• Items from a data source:

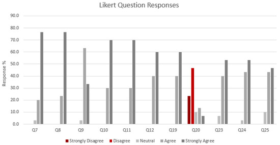 Quantitative means were used to establish the effectiveness of the prototype game. The study included a total of 27 questions that were required to be completed after the participant had played the game. In addition to Likert scale questions, demographic questions, multiple-choice questions and open-ended questions were included in the questionnaire. The development of the questionnaire was based on previous studies that explored the use of emerging technologies and innovative solutions such as VR, 3D, Serious Games, Gamification, and Artificial Intelligence (AI) to convey complex information to particular groups of users [3,6,55]. The main categories of questions used are presented in Table 2 and described below:
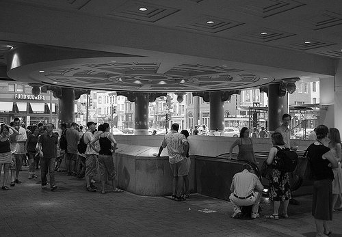 Prince of Petworth dubbed it an “Anti-teen Noise-weapon.” At Greater Greater Washington, Eric Fidler wrote that such “devices are wrong and most likely illegal as well,” adding that the “ethical problem with the device is clear: it purposely aims to annoy and deny equal use of public accommodations to law-abiding people solely on account of their age.” On the Post’s All Opinions are Local page, BeyondDC’s Dan Malouff called the installation of the device “a despicable thing to do,” and said that “[u]ntil the mosquito comes down, I won’t be spending any more of my money at Gallery Place.” TBD’s pedestrian issues reporter Dave Jamieson said that “everybody I saw was somewhat annoyed with it, including older people — heard it just fine…plenty of kids told me they didn’t care.” Even the Washington Post’s impartial reportage on the device featured more quotes from people who think that a police officer stationed at the entrance would do a lot more than the annoying beeps ever could.
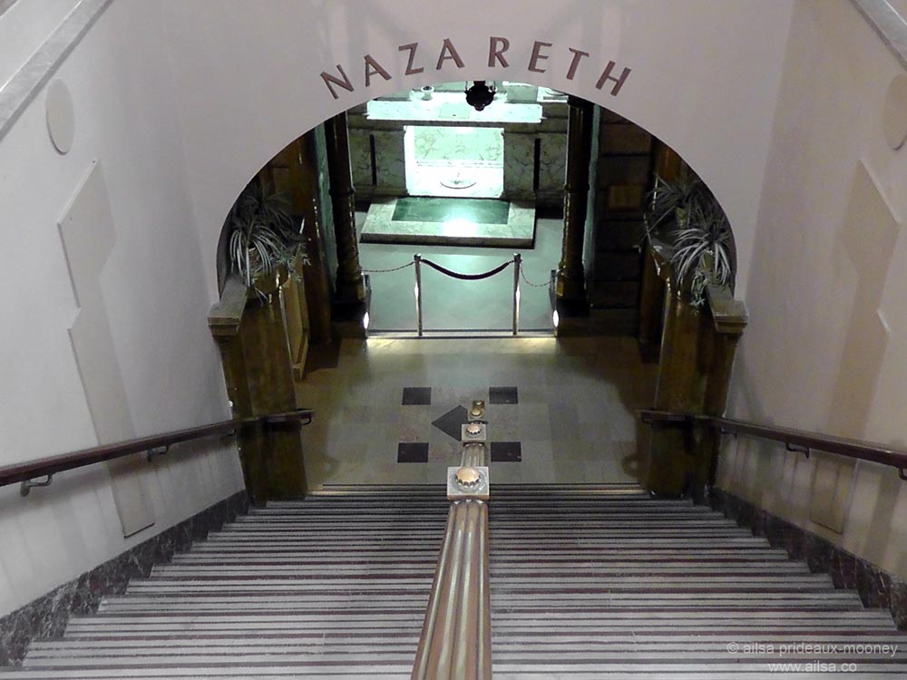 Still dazed by the Byzantine glory of the Franciscan Monastery of Mount St. Sepulchre, I followed the guide as he led the way down to the Lower Church via a staircase off-limits to the general public. The archway above the staircase was emblazoned with a single word: Nazareth.
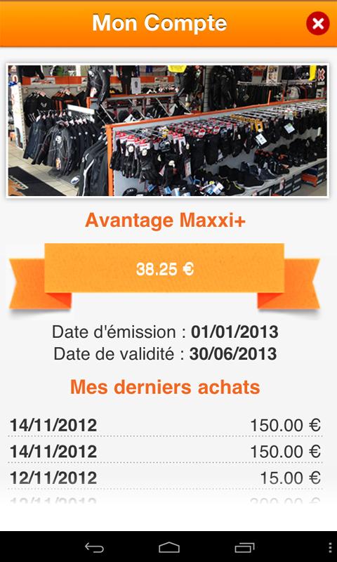 • MON COMPTE : Pratique pour avoir toujours sur soi sa carte de fidélité MOTO AXXE, retrouvez également vos informations personnelles, vos derniers achats et vos chèques fidélité...
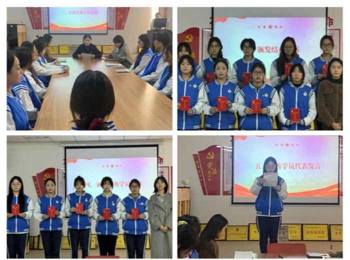 左馨宣读了本期培训班结业学院名单及优秀学员名单,向所有顺利完成学业、表现出色的学员致以热烈祝贺。王雪乐向完成培训任务的学员颁发结业证书,叶蕊向优秀学员颁发优秀学员证书。随后,卢萍同学、赵蕊同学分享了自己在培训期间的宝贵收获。她们谈到这次培训不仅是一次知识的洗礼,更是一次精神的提升,表示未来会继续努力,以实际行动争取早日成为一名合格的共产党员。
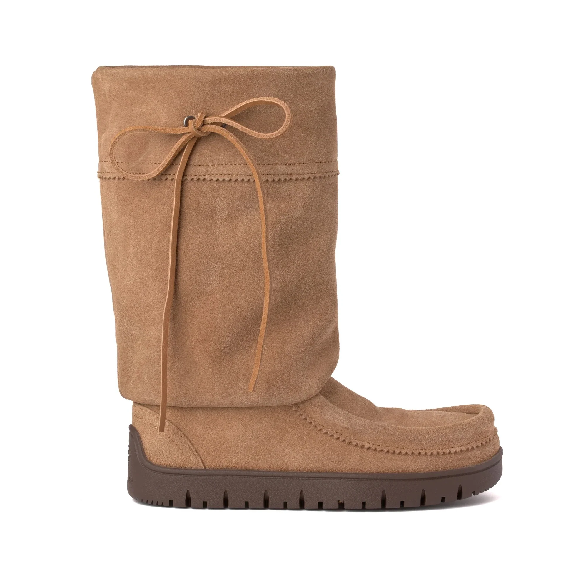 This woman's waterproof Hunter winter boot features a classic suede mukluk silhouette and a cozy shearling lining, set on the Two Rivers sole, designed by Diné artist Tracie Jackson. Featuring left and right footbeds, it delivers a more natural fit with better traction, added structure, and all-day comfort. The 12" fleece-lined shaft provides added insulation and comfort up the leg. An adjustable tie detail offers both coverage and a customizable fit. In contrast, the 16" shaft circumference allows for easy layering over socks or leggings.
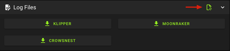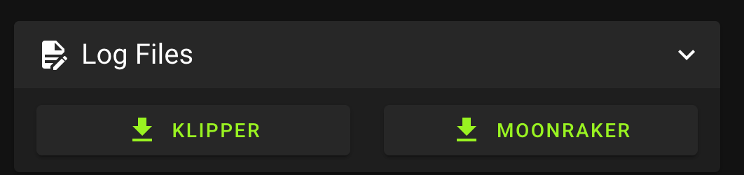 La forma mas sencilla es desde la UI, en el caso de Mainsail usaremos el apartado MACHINE y dentro de esta en la seccion Log Files podremos descargar logs de Klipper y Moonraker
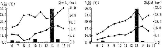 下图2009年4月6-15日东部某省同纬度沿海某地和内陆某地日最高气温、最低气温和降水量分布。读图回答9-10题。
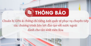 TB về việc chuẩn bị GPA và chứng chỉ tiếng Anh quốc tế phục vụ chuyển tiếp các chương trình liên kết đào tạo với nước ngoài dành cho tân sinh viên K64 10/10/2025
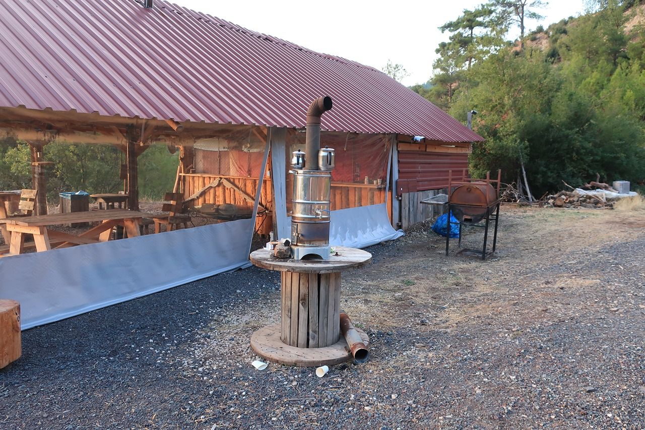 Water tap at Exolikya Cafe. Free camping, free hot shower. Cafe is open from 9am till about 7pm. Delicious food. The owner speaks English and Russian.
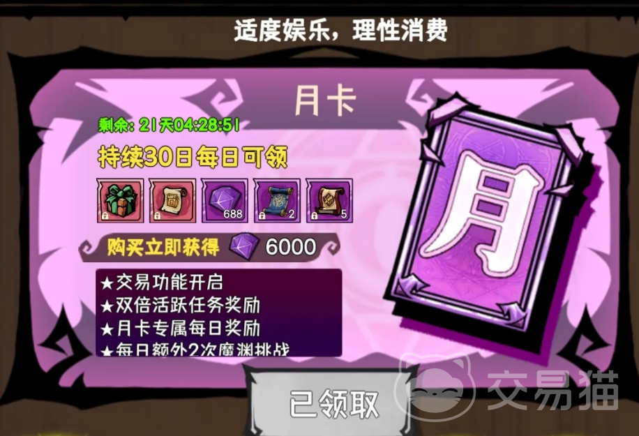 若希望全面解锁游戏功能并提升日常效率,30元月卡是性价比极高的入门选择。开通后即可开放摆摊交易系统,每日领取解绑符,稳定获取钻石与副本门票等核心资源。它不仅是功能门槛,更是构建可持续养成节奏的基础支点,以较低成本打开整套游戏生态。
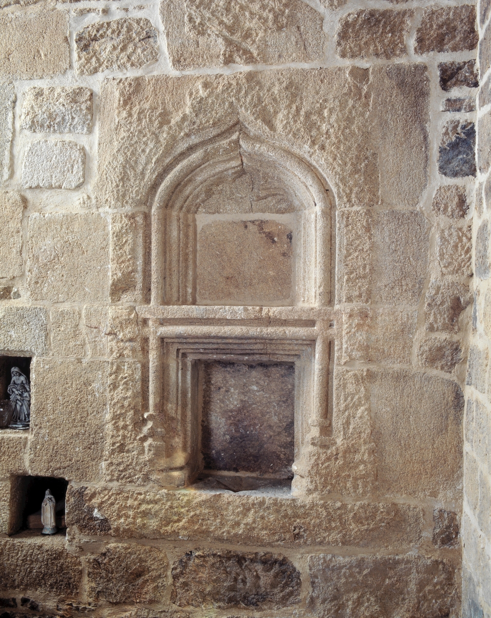 Mur est, détail de la niche crédence.Immatriculation

• WORK INSTRUCTION: An exact copy is required of the lines from the one holding "TB về việc chuẩn" to the end of the entries above, both included; no pictures belong in it.

• REPLY:
 TB về việc chuẩn bị GPA và chứng chỉ tiếng Anh quốc tế phục vụ chuyển tiếp các chương trình liên kết đào tạo với nước ngoài dành cho tân sinh viên K64 10/10/2025
 Water tap at Exolikya Cafe. Free camping, free hot shower. Cafe is open from 9am till about 7pm. Delicious food. The owner speaks English and Russian.
 若希望全面解锁游戏功能并提升日常效率,30元月卡是性价比极高的入门选择。开通后即可开放摆摊交易系统,每日领取解绑符,稳定获取钻石与副本门票等核心资源。它不仅是功能门槛,更是构建可持续养成节奏的基础支点,以较低成本打开整套游戏生态。
 Mur est, détail de la niche crédence.Immatriculation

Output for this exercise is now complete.